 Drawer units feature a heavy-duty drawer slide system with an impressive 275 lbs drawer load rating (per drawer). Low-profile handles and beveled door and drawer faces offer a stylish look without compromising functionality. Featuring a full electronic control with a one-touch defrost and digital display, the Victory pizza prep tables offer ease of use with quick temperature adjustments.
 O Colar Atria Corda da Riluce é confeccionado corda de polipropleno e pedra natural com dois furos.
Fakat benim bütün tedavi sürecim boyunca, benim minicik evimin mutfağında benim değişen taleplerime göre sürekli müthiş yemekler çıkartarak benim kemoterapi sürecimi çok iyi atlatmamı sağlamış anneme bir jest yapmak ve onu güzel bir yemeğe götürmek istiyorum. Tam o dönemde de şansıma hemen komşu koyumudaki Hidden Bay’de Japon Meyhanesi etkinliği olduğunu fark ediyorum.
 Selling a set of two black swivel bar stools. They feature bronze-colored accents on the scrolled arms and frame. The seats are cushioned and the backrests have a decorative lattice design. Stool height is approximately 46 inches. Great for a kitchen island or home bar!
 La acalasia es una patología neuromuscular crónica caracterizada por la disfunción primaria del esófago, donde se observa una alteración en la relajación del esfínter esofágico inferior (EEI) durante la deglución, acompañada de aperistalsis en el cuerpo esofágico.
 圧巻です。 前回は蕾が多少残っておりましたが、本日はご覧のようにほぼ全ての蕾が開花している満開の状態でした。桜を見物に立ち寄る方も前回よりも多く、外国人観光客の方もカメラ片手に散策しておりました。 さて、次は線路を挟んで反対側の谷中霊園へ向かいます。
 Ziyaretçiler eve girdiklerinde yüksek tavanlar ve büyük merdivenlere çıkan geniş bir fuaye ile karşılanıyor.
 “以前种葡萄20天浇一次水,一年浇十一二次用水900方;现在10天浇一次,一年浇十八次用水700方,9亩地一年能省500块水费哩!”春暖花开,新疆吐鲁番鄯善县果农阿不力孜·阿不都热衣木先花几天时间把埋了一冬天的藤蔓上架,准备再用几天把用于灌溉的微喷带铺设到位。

§ §

▸ Task instructions
Reproduce every line above without error.

▸ Output for this exercise
 Drawer units feature a heavy-duty drawer slide system with an impressive 275 lbs drawer load rating (per drawer). Low-profile handles and beveled door and drawer faces offer a stylish look without compromising functionality. Featuring a full electronic control with a one-touch defrost and digital display, the Victory pizza prep tables offer ease of use with quick temperature adjustments.
 O Colar Atria Corda da Riluce é confeccionado corda de polipropleno e pedra natural com dois furos.
Fakat benim bütün tedavi sürecim boyunca, benim minicik evimin mutfağında benim değişen taleplerime göre sürekli müthiş yemekler çıkartarak benim kemoterapi sürecimi çok iyi atlatmamı sağlamış anneme bir jest yapmak ve onu güzel bir yemeğe götürmek istiyorum. Tam o dönemde de şansıma hemen komşu koyumudaki Hidden Bay’de Japon Meyhanesi etkinliği olduğunu fark ediyorum.
 Selling a set of two black swivel bar stools. They feature bronze-colored accents on the scrolled arms and frame. The seats are cushioned and the backrests have a decorative lattice design. Stool height is approximately 46 inches. Great for a kitchen island or home bar!
 La acalasia es una patología neuromuscular crónica caracterizada por la disfunción primaria del esófago, donde se observa una alteración en la relajación del esfínter esofágico inferior (EEI) durante la deglución, acompañada de aperistalsis en el cuerpo esofágico.
 圧巻です。 前回は蕾が多少残っておりましたが、本日はご覧のようにほぼ全ての蕾が開花している満開の状態でした。桜を見物に立ち寄る方も前回よりも多く、外国人観光客の方もカメラ片手に散策しておりました。 さて、次は線路を挟んで反対側の谷中霊園へ向かいます。
 Ziyaretçiler eve girdiklerinde yüksek tavanlar ve büyük merdivenlere çıkan geniş bir fuaye ile karşılanıyor.
 “以前种葡萄20天浇一次水,一年浇十一二次用水900方;现在10天浇一次,一年浇十八次用水700方,9亩地一年能省500块水费哩!”春暖花开,新疆吐鲁番鄯善县果农阿不力孜·阿不都热衣木先花几天时间把埋了一冬天的藤蔓上架,准备再用几天把用于灌溉的微喷带铺设到位。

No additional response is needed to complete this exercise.